Прослышав про этакие безобразия, баба Катя в сердцах плюнула и припечатала:
– Совсем Фимка с глузду съехала. Свою жизнь портить – она хозяйка, но ни за что ни про что безвинное дитя по-свинячьи назвать да без Ангела Хранителя оставить она прав не имеет! Помяни моё слово, Анька, отольются Фимке её выкрутасы, так что белый свет с овчинку покажется.
Анину задумчивость разогнал звучный голос Демьяна Кумачёва:
– Наша бригада состоит из трёх человек: я, моя жена – певица Лидия Петровна Саянова и Костя. Костя у нас заведует плакатами и костюмами, а Лидуша исполняет песни на мои стихи.
Подойдя к двери вагона, Демьян три раза с перерывом постучал в дверь, и она тотчас отворилась, оглушив стоящих железным лязгом давно несмазанного запора.
Аня подняла глаза и с интересом посмотрела на женщину, возникшую в дверном проёме.
Одной рукой певица поднимала над головой лампу, близоруко вглядываясь в лица людей, стоящих внизу. Увидев Нгуги, дама отпрянула назад, но сумела быстро справиться с собой и певуче спросила мужа, отыскав глазами его фигуру:
– Леонид, ты?
Он раздражённо поморщился:
– Я же просил называть меня Демьяном.
– Прости.
Женщина была не красива, но очень привлекательна мягкой восточной грацией, оставленной Руси на память от татарского ига. Живые тёмные глаза под полукружьями бровей смотрели на мир открыто и доброжелательно. Ане было трудно представить, что эта женщина стала бы звездить младенцев, ударяя в наковальню тяжёлым кузнечным молотом.
– Мамуля, мы за тобой, – вклинился Костин голос.
– Теперь вижу, спасибо, господа.
Поэт снова поморщился, и женщина второй раз извинилась:
– Прошу простить, товарищи, привычка.
Она откачнулась в сторону, освобождая путь помощникам.
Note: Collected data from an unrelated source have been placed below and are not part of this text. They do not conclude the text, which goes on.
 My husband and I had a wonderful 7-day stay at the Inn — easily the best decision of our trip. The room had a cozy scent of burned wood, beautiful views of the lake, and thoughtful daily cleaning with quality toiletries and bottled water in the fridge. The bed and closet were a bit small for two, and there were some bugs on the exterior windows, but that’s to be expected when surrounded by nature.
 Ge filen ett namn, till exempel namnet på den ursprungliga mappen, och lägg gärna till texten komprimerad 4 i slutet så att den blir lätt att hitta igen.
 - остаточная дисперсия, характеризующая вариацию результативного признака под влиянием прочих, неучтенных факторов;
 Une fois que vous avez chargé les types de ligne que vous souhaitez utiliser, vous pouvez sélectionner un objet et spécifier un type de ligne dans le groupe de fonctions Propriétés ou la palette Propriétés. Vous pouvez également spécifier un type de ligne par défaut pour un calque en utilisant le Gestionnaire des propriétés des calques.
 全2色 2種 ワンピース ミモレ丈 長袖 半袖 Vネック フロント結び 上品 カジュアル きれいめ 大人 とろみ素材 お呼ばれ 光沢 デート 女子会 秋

Желая скорее покончить с перевозкой, Нгуги упруго заскочил в вагон и без лишних слов указал на связанные тюки:
– Это грузить?
– Да, да.
Одна за другой вещи стали перекочёвывать в телегу, проседавшую под их тяжестью.
Желая помочь, Аня с трудом подняла тяжёлый рулон с плакатами и, споткнувшись, упала на одну коленку, чуть не тюкнувшись носом в чёрные мужские ботинки с галошами.
– Больно?
Вблизи своего лица она увидела глаза Кости и покраснела до корней волос.
– Нет.
– Но я же вижу, что больно, – продолжал настаивать он.
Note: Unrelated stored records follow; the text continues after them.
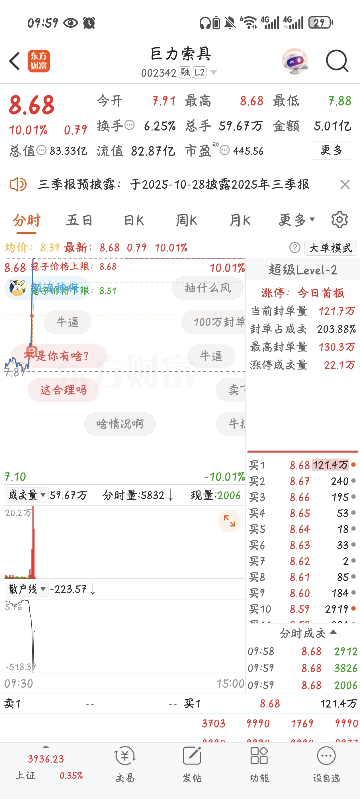 $巨力索具(SZ002342)$ 早盘就感觉你有希望入晚了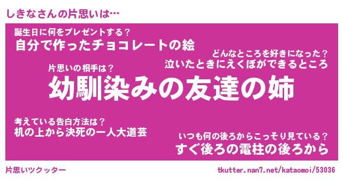 | ヘコむあだ名 | 『しきっふぃ~』『つくし』 |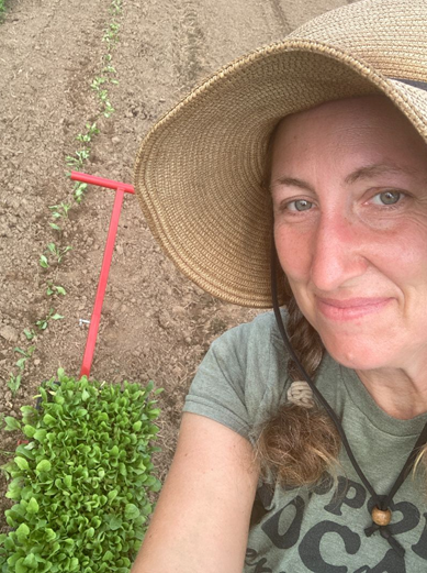 She says they’ve been reflecting on the tools and infrastructure that are saving the workers and volunteers a huge amount of labor. One of the tools is the Paperpot transplanter (pictured behind her). She said it’s been a game changer already and they are still learning how to use it to its full potential. She explained that the Paperpot transplanter allows one person to do a project in minutes that would otherwise take a few hours.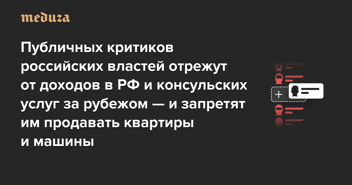 Публичных критиков российских властей отрежут от доходов в РФ и консульских услуг за рубежом — и запретят им продавать квартиры и машины Все это прописано в будущем законе о новом реестре врагов государства. Что важно о нем знать?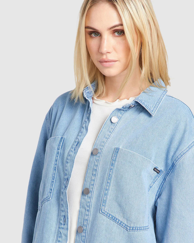 Large chest pockets and dropped back yoke details

«Вот привязался», – подумала про себя Анюта и снова резко повторила: – Нет!
Грузили они втроём. Лидия Петровна лишь мешала, бестолково пытаясь помочь то одному, то другому.
Наконец, когда она в очередной раз уронила в снег полураскрытый ящик, из которого раскатились во все стороны железные колёсики с намотанной плёнкой, Костя насильно посадил её на телегу и ласково приказал:
– Жди здесь, мама, мы сами справимся.